= Marilyn Lightstone (engineer) =

Canadian mechanical engineer

Marilyn Lightstone is a Canadian mechanical engineer specializing in the computational fluid dynamics of thermofluids, including the simulation of droplets and particles in turbulent flows, the use of thermofluids in solar energy, and thermal energy storage. She is a professor of mechanical engineering at McMaster University, and the former chair of the McMaster Department of Mechanical Engineering.

==Education and career==
Lightstone went into engineering following a childhood interest in solar energy. She received a bachelor's degree from Queen's University at Kingston in 1985. She continued her studies at the University of Waterloo, where she received a master's degree in 1987 and completed her Ph.D. in 1992. Her work at Waterloo was supervised by George Raithby and Terry Hollands.

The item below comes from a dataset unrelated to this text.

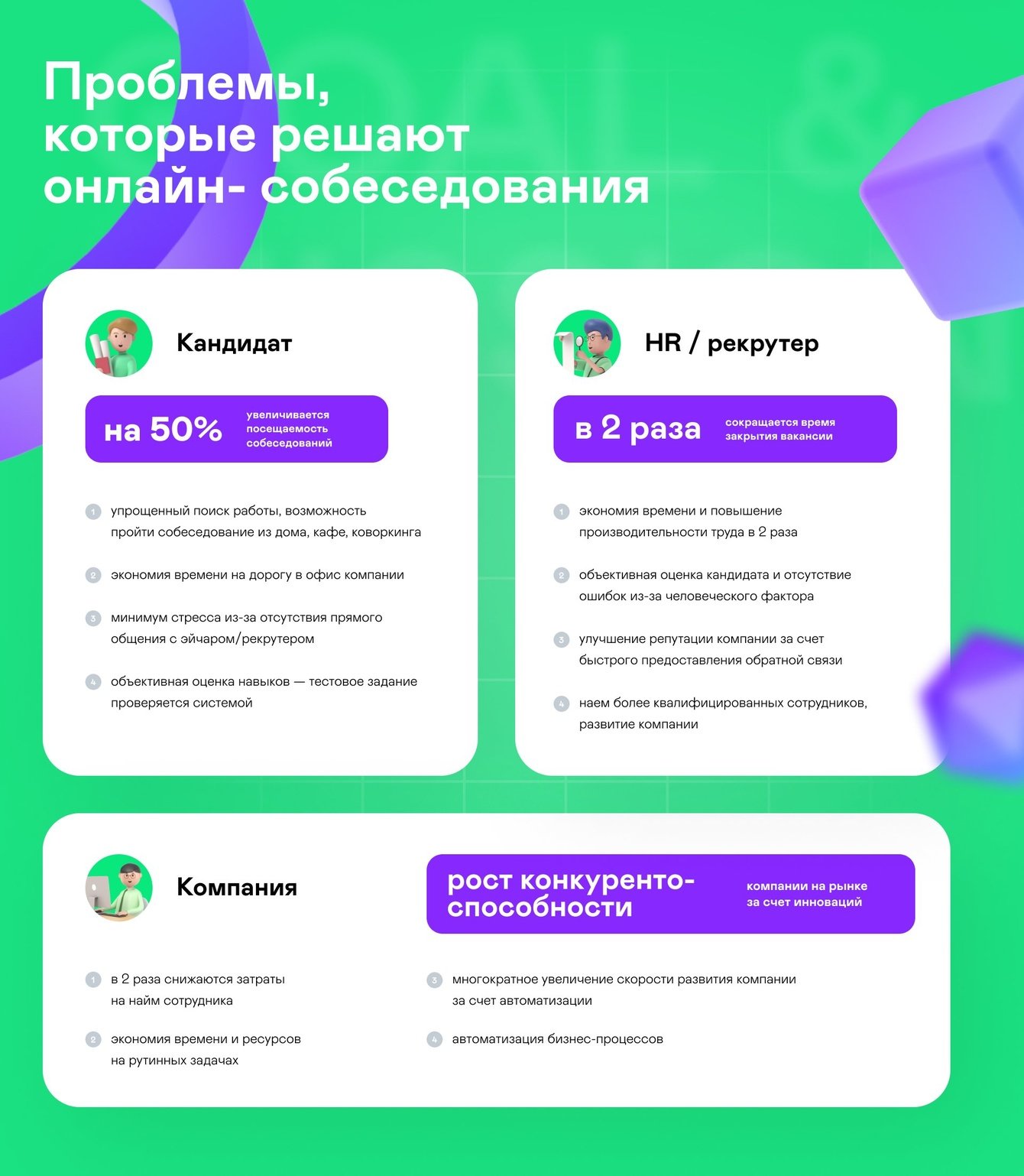 Выяснили, что для кандидатов важны удобные шаблоны CV прямо в приложении, максимально полная база вакансий, тестовые задания не дольше 20 минут, аудио- и видеоформаты собеседований.

She worked for three years at Atomic Energy of Canada Limited, in nuclear thermal hydraulics, before returning to academia as a faculty member at the University of Waterloo in 1995, with the support of an NSERC Women's Faculty Award. In 1999 she moved to McMaster University. There, she served two terms as department chair, from 2013 to 2023, becoming the first female engineering department chair at the university.

==Recognition==
Lightstone was elected as a Fellow of the Canadian Society for Mechanical Engineering in 2017, and as a Fellow of the Canadian Academy of Engineering in 2024.